How to monitor object creation using java agent and ASM?


What I want to do is to monitor the object creation and record a unique ID for that object.

Firstly I tried to monitor the NEW instruction but it can not work and throw VerifyError: (...) Expecting to find object/array on stack. I heard that the object after NEW is uninitialized so it can not be passed to other methods. So I abandoned this approach.

Secondly, I tried to monitor the invocation of <init>, this method initializes the uninitialized object. But I am not sure that after the initialization, if the initialized object will be pushed to the stack?

In my method visitor adapter:

public void visitMethodInsn(int opc, String owner, String name, String desc, boolean isInterface) {
    ...
    mv.visitMethodInsn(opc, owner, name, desc, isInterface);
    if (opc == INVOKESPECIAL && name.equals("<init>")) {
        mv.visitInsn(DUP);
        mv.visitMethodInsn(INVOKESTATIC, "org/myekstazi/agent/PurityRecorder", "object_new",
                "(Ljava/lang/Object;)V", false);
    }
}

In MyRecorder.java:

public static void object_new(Object ref){
    log("object_new !");
    log("MyRecorder: " + ref);
    log("ref.getClass().getName(): " + ref.getClass().getName());
}

I tried them in a demo, it throws VerifyError:

Error: A JNI error has occurred, please check your installation and try again
Exception in thread "main" java.lang.VerifyError: Operand stack underflow
Exception Details:
  Location:
    AbstractDemo.<init>()V @4: dup
  Reason:
    Attempt to pop empty stack.
  Current Frame:
    bci: @4
    flags: { }
    locals: { 'AbstractDemo' }
    stack: { }
  Bytecode:
    0x0000000: 2ab7 0001 59b8 003b b1

        at java.lang.Class.getDeclaredMethods0(Native Method)
        at java.lang.Class.privateGetDeclaredMethods(Unknown Source)
        at java.lang.Class.privateGetMethodRecursive(Unknown Source)
        at java.lang.Class.getMethod0(Unknown Source)
        at java.lang.Class.getMethod(Unknown Source)
        at sun.launcher.LauncherHelper.validateMainClass(Unknown Source)
        at sun.launcher.LauncherHelper.checkAndLoadMain(Unknown Source)

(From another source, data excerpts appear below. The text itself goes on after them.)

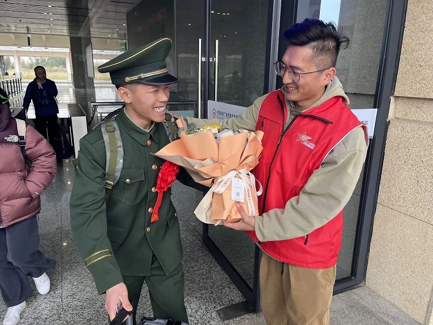 昔日從軍報國,今朝榮歸故里。又是一年退伍季,為扎實做好2024年退役軍人光榮返鄉(xiāng)工作,大力營造尊崇軍人的濃厚氛圍,讓退役軍人真切感受來自家鄉(xiāng)的溫暖和關(guān)愛,蒼城鎮(zhèn)退役軍人服務(wù)站工作人員和退役軍人家屬等人組建成接兵“親友團”,一行前往開平南站,迎接“最可愛的人”回家。 當(dāng)退役軍人從站口出來時,“親友團”隨即上前迎接,熱情問候,并在現(xiàn)場舉行了簡單而熱烈的歡迎儀式,感謝他們?yōu)閲邑暙I青春,為家鄉(xiāng)爭得榮光,讓退役軍人第一時間感受到家鄉(xiāng)的溫情和暖心服務(wù)。 接下來,蒼城鎮(zhèn)退役軍人服務(wù)站將持續(xù)開展光榮返鄉(xiāng)迎接活動,認真做好本年度春季退役軍人報到登記、信息采集、組織關(guān)系轉(zhuǎn)接、醫(yī)保社保關(guān)系轉(zhuǎn)接手續(xù)、優(yōu)待證等“一站式”服務(wù)工作,并通過組織召開座談會、走訪慰問、就業(yè)創(chuàng)業(yè)宣講會等服務(wù),助力退役軍人盡快融入地方,讓他們切實感受到黨和政府的關(guān)心和溫暖。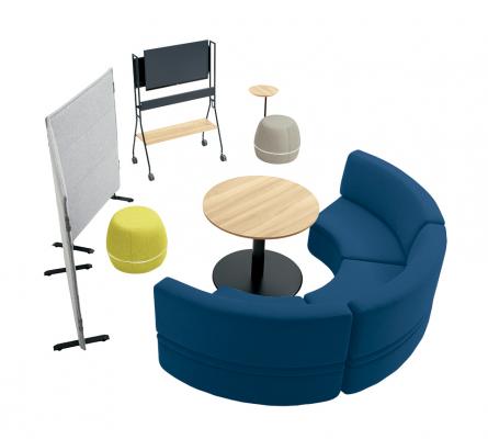 「ワークフラン」でラインアップする従来のアイテムと組み合わせて、ミーティングや集中作業などをスムーズに行えるさまざまなレイアウトを作ることができます。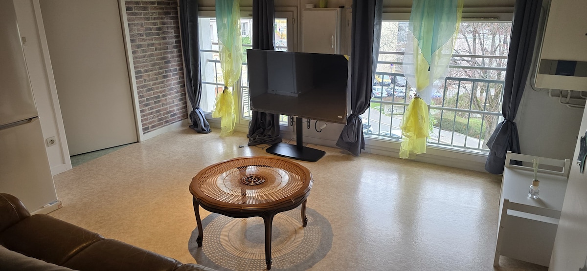 Bright, quiet and well-located apartment, close to Auchan Centre Deux, transport and shops. Large room of 20 square meters with a separation curtain, offering two sleeping areas: one side with a double bed, the other with a 3-bed bunk bed. Friendly stay with a click-clac, flat screen, work area and fast wifi Fitted kitchen (oven, microwave, Tassimo. Infant crib available Municipal swimming pool nearby next to children's park 20 m away, bike rental next door.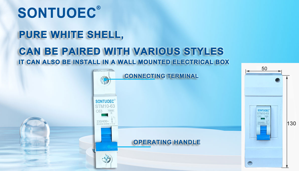 SONTUOEC ke e mong oa bafani ba Machaena / bahlahisi ba sebetsanang le tlhahiso ea lisebelisoa tse sa tšoaneng tsa motlakase tse nyenyane tsa STM10-63 Series high breaking miniature circuit breaker e na le likarolo tsa sebopeho se tsoetseng pele, ts'ebetso e ka tšeptjoang, ho senya matla a holimo, ponahalo e ntle 'me khetla ea eona le likarolo li entsoe ka thepa e nang le ts'oaetso, tšobotsi e matla e thibelang mollo. E loketse tsamaiso ea matla ea maqhubu a 50 kapa 60, Ue 400V le ka tlase, Ui 63A le ka tlase. E sebelisoa haholo-holo mohahong oa liofisi, bolulo, bakeng sa mabone, kabo ea matla le ho feta le tšireletso ea potoloho e khutšoanyane ea lisebelisoa. Ka tloaelo, e ka sebelisoa hape e le phetisetso e sa feteng khafetsa ea sistimi ea motlakase. E lumellana le litekanyetso tsa IEC60898.1 le GB10963.1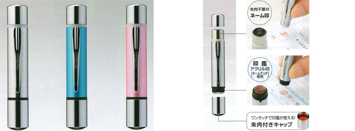 | コンパクトなボディに、浸透ネーム印と浸透訂正印がついたアクセサリー印です。ビジネスや家庭にも重宝されます。 |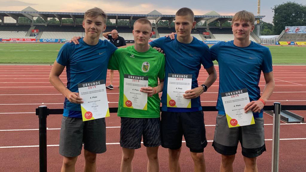 Wir gratulieren Niklas Uth (SV Lindenau), Piet Enzmann, Vincent Benedix und Ron Martin zum 4. Platz der 4x100m-Staffel der StG Leipzig der U18 bei den DJM ! Vielen Dank auch an unseren Ersatzläufer Niklas Weber der "Gewehr bei Fuß" gestanden hat und jederzeit hätte einspringen können.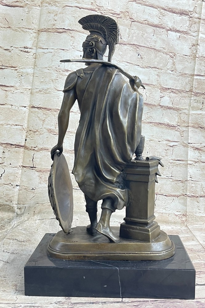 Roman Warrior Soldier Spear Shield Military Art Collector Bronze Marble Gift NR Roman Warrior Soldier Spear Shield Military Art Collector Bronze Marble Gift NR Condition : This sculpture is in perfect condition. Bronze Dimensions with Marble Base: Height 16" X Width 9.5" Marble Dimensions:9.5" X 6" Height without base:15" Weight:18 LBS Inventory:24STE64510542 Witness the powerful presence of the Roman legion soldier in this remarkable bronze sculpture. Captured in a moment of reflection on a scarred battlefield, the soldier stands with resolute determination and strength. His naked form, adorned only with select regalia, speaks to his unwavering commitment to duty and honor. The soldier wears a galea, a traditional soldier's helmet, atop his head, providing protection and symbolizing his role as a warrior. A baldric, a leather belt used for carrying weapons, rests across his chest, highlighting his readiness for battle. His paludamentum, a cloak draped over one shoulder, cascades down his back and between his legs, adding a touch of drama to the composition. This magnificent bronze sculpture is a testament to the artist's skill and attention to detail. Crafted using the ancient lost-wax casting method, each intricate feature of the soldier's form is meticulously rendered. The sculpture is finished with a rich brown patina, enhancing its timeless appeal. Mounted on a black marble base, it stands as a tribute to the artist Huzel's vision and craftsmanship. Embrace the spirit of ancient Rome with this stunning Roman legion soldier bronze sculpture. Whether displayed as a centerpiece in your home or as part of your art collection, it is sure to command attention and evoke a sense of awe. Immerse yourself in the legacy of the Roman empire and appreciate the enduring significance of this captivating artwork. Greek Spartan Warrior Roman Soldier Signed Original Bronze Sculpture Statue Sale Video will open in a new window Using the eBay App? Paste link into a browser window: [isdntekvideo] Shipping Terms : Most of our items are shipped via USPS (United States Postal Service) mail or UPS. Most orders are shipped within 24-48 hours of purchase. Please be aware that not all items are available for USPS shipping due to size and weight. We do ship to Hawaii, Alaska, Canada, Puerto Rico, APO/AE, and U.S. Virgin Islands, however, an additional charge may be required. Please contact us before making any purchases in these areas. For Non-USA customers, you may be responsible for all duty, tax, brokerage fees that may be due upon delivery (shipping costs cover freight charges only). We also ship internationally. Please refer to the "Shipping and Handling" chart for the rates for each area. Payment : We accept just about any form of payment. PayPal, Master Card, Visa or American Express credit cards. Money orders, cashiers checks, and even personal or business checks. For governmental institutions, we will also accept a purchase order. Please understand that for personal or business checks we have to wait for the check to clear (usually 7 days) before shipping. Condition : New Detailed Hand Crafted Hot Cast Bronze Satisfaction Guaranteed. This is Stock Photo, Slight Color Variation!! Listing and template services provided by inkFrog
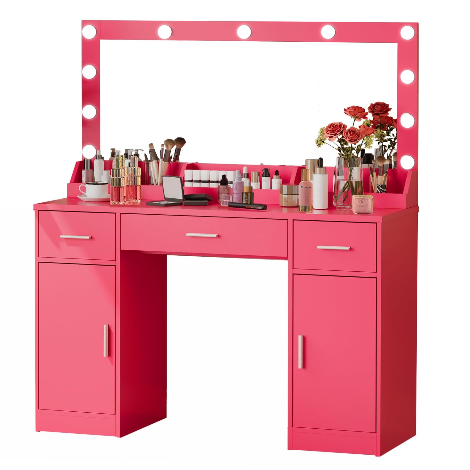 - Smart Storage Design: Features three spacious drawers and two oversized vertical cabinets, offering ample storage space for organizing and storing various beauty products and accessories. Thoughtfully designed drawer dividers and organizers allow for easy categorization and organization of cosmetics, keeping the vanity tidy and orderly.
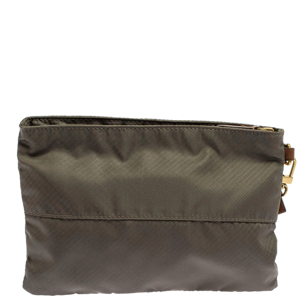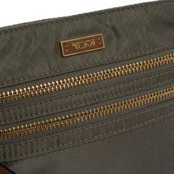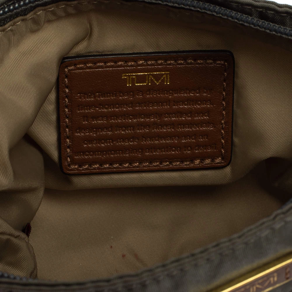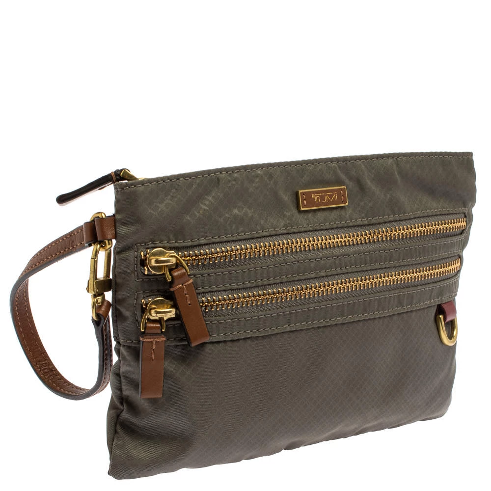 A compact and practical option to store your handy essentials, this TUMI nylon pouch will be a useful accessory. It has front zip pockets, the brand logo on the front, and a main nylon-lined compartment. The pouch is complete with a leather wristlet.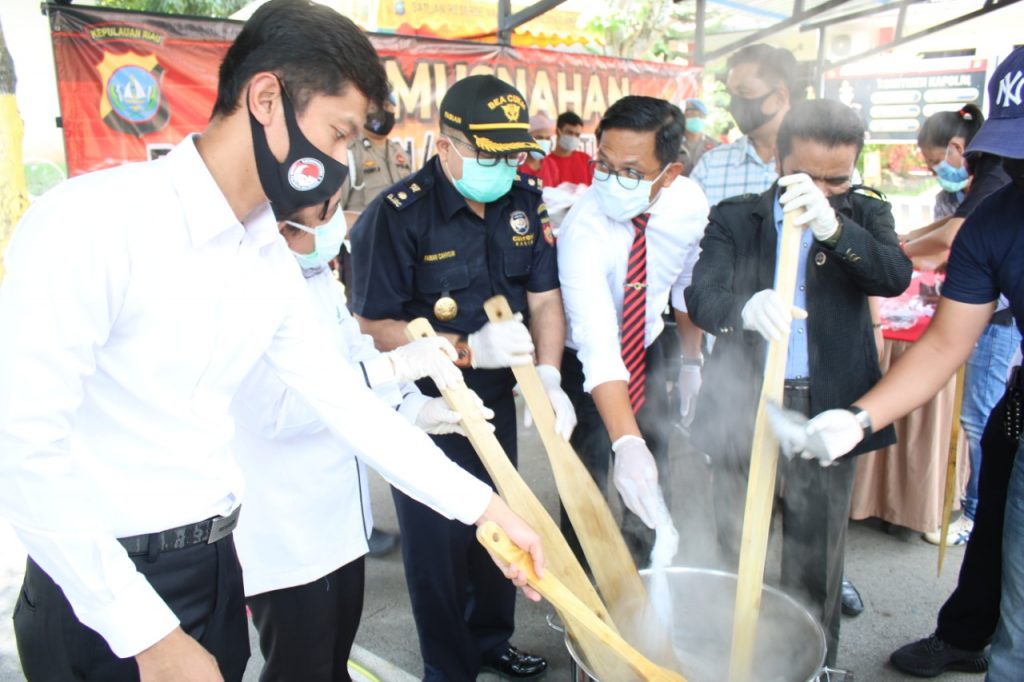 Pemusnahan barang bukti sabu dilakukan dengan cara memasukkan kedalam air yang sudah di panaskan dulu dengan menggunakan kompor gas alias direbus. Sejauh ini peredaran narkoba di Indonesia masih tetap saja berjalan dan salah satu tempat transit dan jalur peredaran narkoba di Indonesia adalah Kota Batam.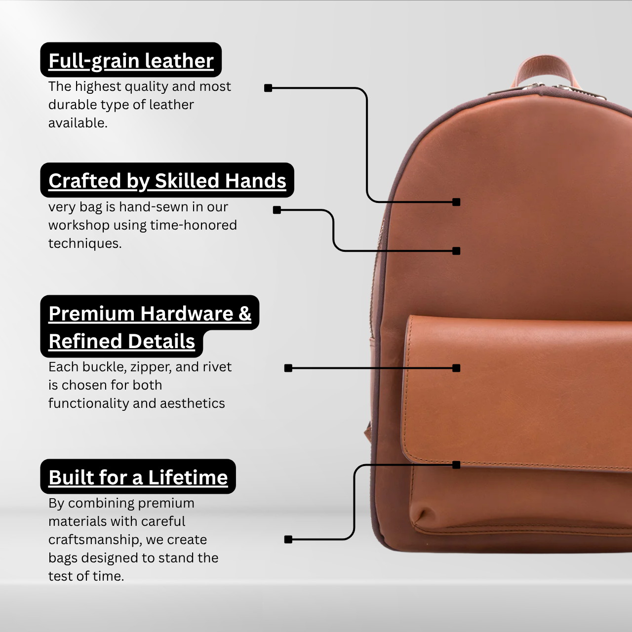 The Phoenix Leather Backpack is our refined take on the classic backpack, blending modern and vintage aesthetics with its two-tone leather and sleek lines. Designed for maximum organization and functionality, it features two main compartments that can easily accommodate a couple of outfits for a getaway or your work essentials and lunch. Experience both style and utility with the Phoenix Carry On Backpack.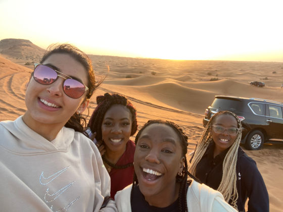 Yasmin (front left) and fellow DMU students having fun in the desert in Dubai

It seems not working as well. Are there any alternatives to monitor the object creation?


Solution

  • The part of the message

    Location:
      AbstractDemo.<init>()V @4: dup
    

    hints at it: you are instrumenting a constructor. Within a constructor, invokespecial <init> is also used to delegate to another constructor, either in the same class or in the superclass.

    The typical sequence for calling another constructor is aload_0 (this), push arguments, invokespecial <init>, so there is no reference to the object on the stack after the invocation.

    This is how the decoded bytecode of the VerifyError looks like:

      0 aload_0
      1 invokespecial   [1]
      4 dup
      5 invokestatic    [59]
      8 return
    

    Normally, you don’t want to report these delegating constructor calls, as they would cause reporting the same object multiple times. But identifying them can be tricky, as the receiver class is not a reliable criteria. E.g., the following is valid Java code:

    public class Example {
        Example reference;
        Example(Example anotherObject) {
            reference = anotherObject;
        }
        Example() {
            this(new Example(null));
            reference.reference = new Example(this);
        }
    }
    

    Here, we have a constructor containing three invokespecial instruction having the same target class and the delegating constructor call is neither the first nor the last one, so there is no simple-to-check property of the instruction itself telling you this. You have to identify the target providing instruction as aload of index zero, i.e. this, to understand whether an instruction is initializing the current instance, which is nontrivial when there are argument providing instructions in-between.

    That said, even outside the constructor there is no guaranty that the newly instantiated object is on the stack. It is usually the case when the instantiation is used in an expression context where the result is subsequently stored or used, but not in a statement context. In other words for a method like

    void test() {
        new Example();
    }
    

    naive compiler implementations (like javac) may generate the equivalent to the expression code, followed by a pop instruction, but other implementations (like ecj) could elide the preceding dup in this case, eliminating the need for the subsequent pop, as no reference will be on the stack after the invokespecial <init> instruction.

    A safer approach is to search for instruction sequences starting with new and leading to an invokespecial <init> (allowing nested occurrences). Then, inject a dup right after the new instruction and the invokestatic after the invokespecial.